> [DATA SECTION]
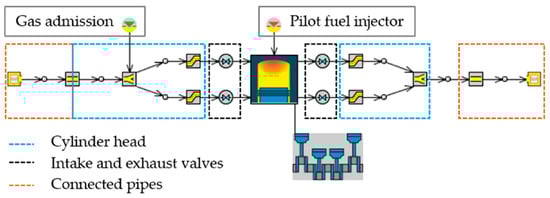In the development process of large engines, 1D-simulation plays an important role [,]. To minimize the operation of large engines at the testbed accurate simulation models are necessary to simulate performance and emissions.
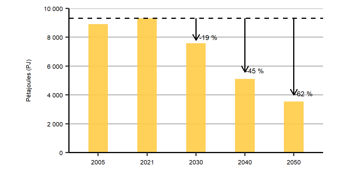Description : Ce graphique à barres illustre la consommation de combustibles fossiles inaltérés en 2005, 2021, 2030, 2040 et 2050. En 2005, elle s’élevait à 8 900 PJ et atteignait 9 300 PJ en 2021. En 2030, elle recule de 19 % par rapport aux niveaux actuels et s’établit à 7 600 PJ. Elle continue de régresser et chute de 45 % sous les niveaux actuels, vers 2040, atteignant 500 PJ. En 2050, enfin, la consommation de combustibles fossiles inaltérés est 62 % plus basse qu’actuellement et s’établit à 3 500 PJ.
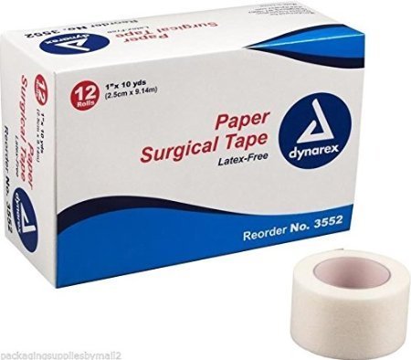 -. Title : Paper Surgical Tape Tears easily Latex Free 1" x 10 Yards 12 Rolls Per Case by Dynarex MS15365

> [EXERCISE DESCRIPTION] Leaving the images out, retype all the material above exactly.

> [FINAL ANSWER]
In the development process of large engines, 1D-simulation plays an important role [,]. To minimize the operation of large engines at the testbed accurate simulation models are necessary to simulate performance and emissions.
Description : Ce graphique à barres illustre la consommation de combustibles fossiles inaltérés en 2005, 2021, 2030, 2040 et 2050. En 2005, elle s’élevait à 8 900 PJ et atteignait 9 300 PJ en 2021. En 2030, elle recule de 19 % par rapport aux niveaux actuels et s’établit à 7 600 PJ. Elle continue de régresser et chute de 45 % sous les niveaux actuels, vers 2040, atteignant 500 PJ. En 2050, enfin, la consommation de combustibles fossiles inaltérés est 62 % plus basse qu’actuellement et s’établit à 3 500 PJ.
 -. Title : Paper Surgical Tape Tears easily Latex Free 1" x 10 Yards 12 Rolls Per Case by Dynarex MS15365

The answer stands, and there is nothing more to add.